● REQUIREMENT: Omit the pictures and reproduce the rest of the listing exactly.

● DATASET EXCERPT:
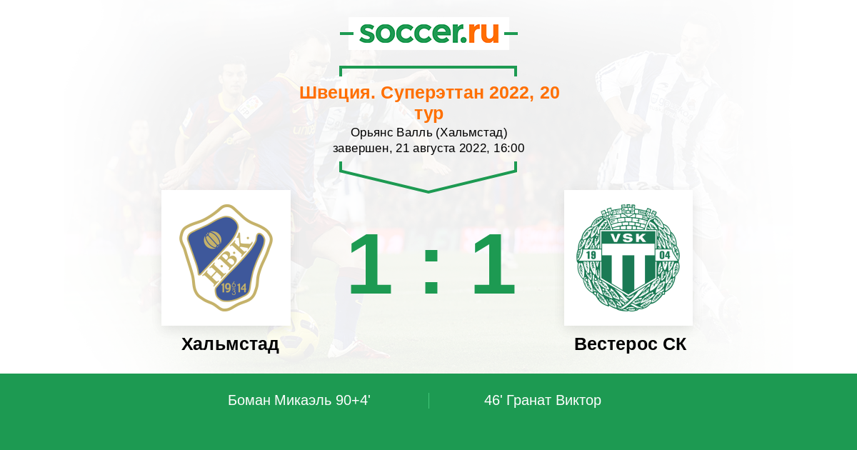 | Хальмстад | Вестерос СК | |
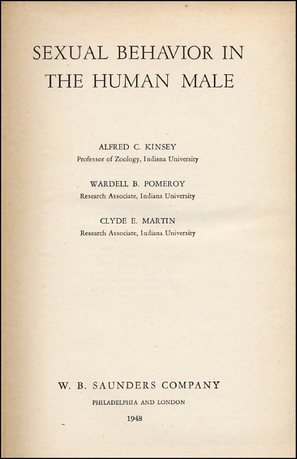 Zoologist and sexologist, author of the landmark Kinsey Report on Human Sexual Behavior. Signed book: Sexual Behavior In The Human Male. Philadelphia: W. B. Saunders Company, 1948. Hardcover, 6.25 x 9.25, 804 pages. Signed and inscribed in fountain pen on the first free end page “To Adele and Eddy Music, Alfred Kinsey 4.11.48.” In fine condition, with light overall page toning, with a heavier spot to signed page, some mild discoloration to cover and a bold signature. R&R COA.
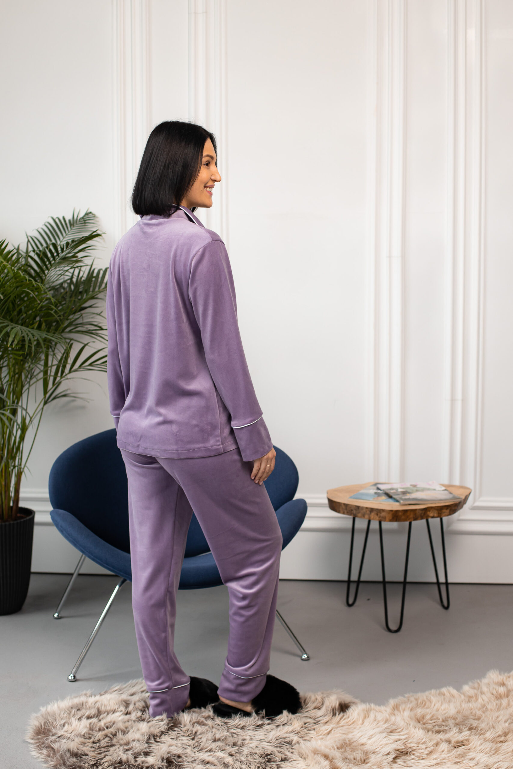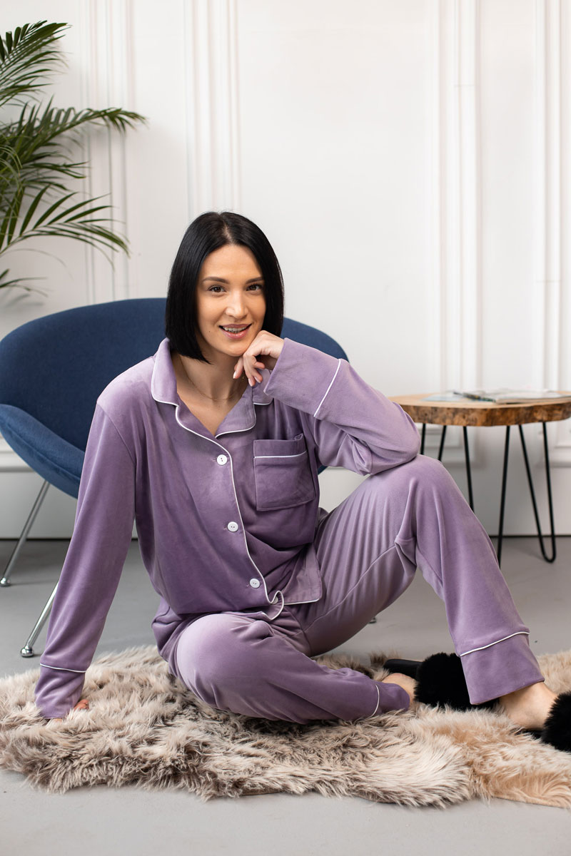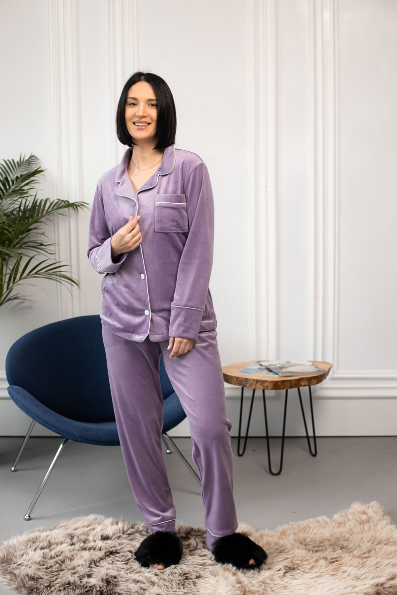 Ця піжама ідеально підходить для холодних зимових ночей або для затишних вечірніх годин перед телевізором. Її стильний дизайн і вишукані деталі роблять її найкращим вибором для жінок, які цінують комфорт і елегантність. Даруйте собі розкіш та зручність з цією чудовою жіночою піжамою на гудзиках зі штанами.
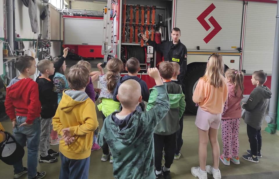 W dniu 1 czerwca uczniowie klasy I a pod opieką wychowawczyni i pani Katarzyny Król podczas wycieczki do Państwowej Straży Pożarnej w Kozienicach zapoznali się z pracą strażaków, ubraniami w których pracują, sprzętem gaśniczym, rodzajami pożarów i sposobami ich gaszenia. Utrwalili również numery alarmowe. Byli obecni podczas wyjazdu strażaków do pożaru, co było dla nich dużym przeżyciem. Nie zabrakło również atrakcji, jaką było polewanie wodą z węża strażackiego.

● TASK RESULT:
 | Хальмстад | Вестерос СК | |
 Zoologist and sexologist, author of the landmark Kinsey Report on Human Sexual Behavior. Signed book: Sexual Behavior In The Human Male. Philadelphia: W. B. Saunders Company, 1948. Hardcover, 6.25 x 9.25, 804 pages. Signed and inscribed in fountain pen on the first free end page “To Adele and Eddy Music, Alfred Kinsey 4.11.48.” In fine condition, with light overall page toning, with a heavier spot to signed page, some mild discoloration to cover and a bold signature. R&R COA.
 Ця піжама ідеально підходить для холодних зимових ночей або для затишних вечірніх годин перед телевізором. Її стильний дизайн і вишукані деталі роблять її найкращим вибором для жінок, які цінують комфорт і елегантність. Даруйте собі розкіш та зручність з цією чудовою жіночою піжамою на гудзиках зі штанами.
 W dniu 1 czerwca uczniowie klasy I a pod opieką wychowawczyni i pani Katarzyny Król podczas wycieczki do Państwowej Straży Pożarnej w Kozienicach zapoznali się z pracą strażaków, ubraniami w których pracują, sprzętem gaśniczym, rodzajami pożarów i sposobami ich gaszenia. Utrwalili również numery alarmowe. Byli obecni podczas wyjazdu strażaków do pożaru, co było dla nich dużym przeżyciem. Nie zabrakło również atrakcji, jaką było polewanie wodą z węża strażackiego.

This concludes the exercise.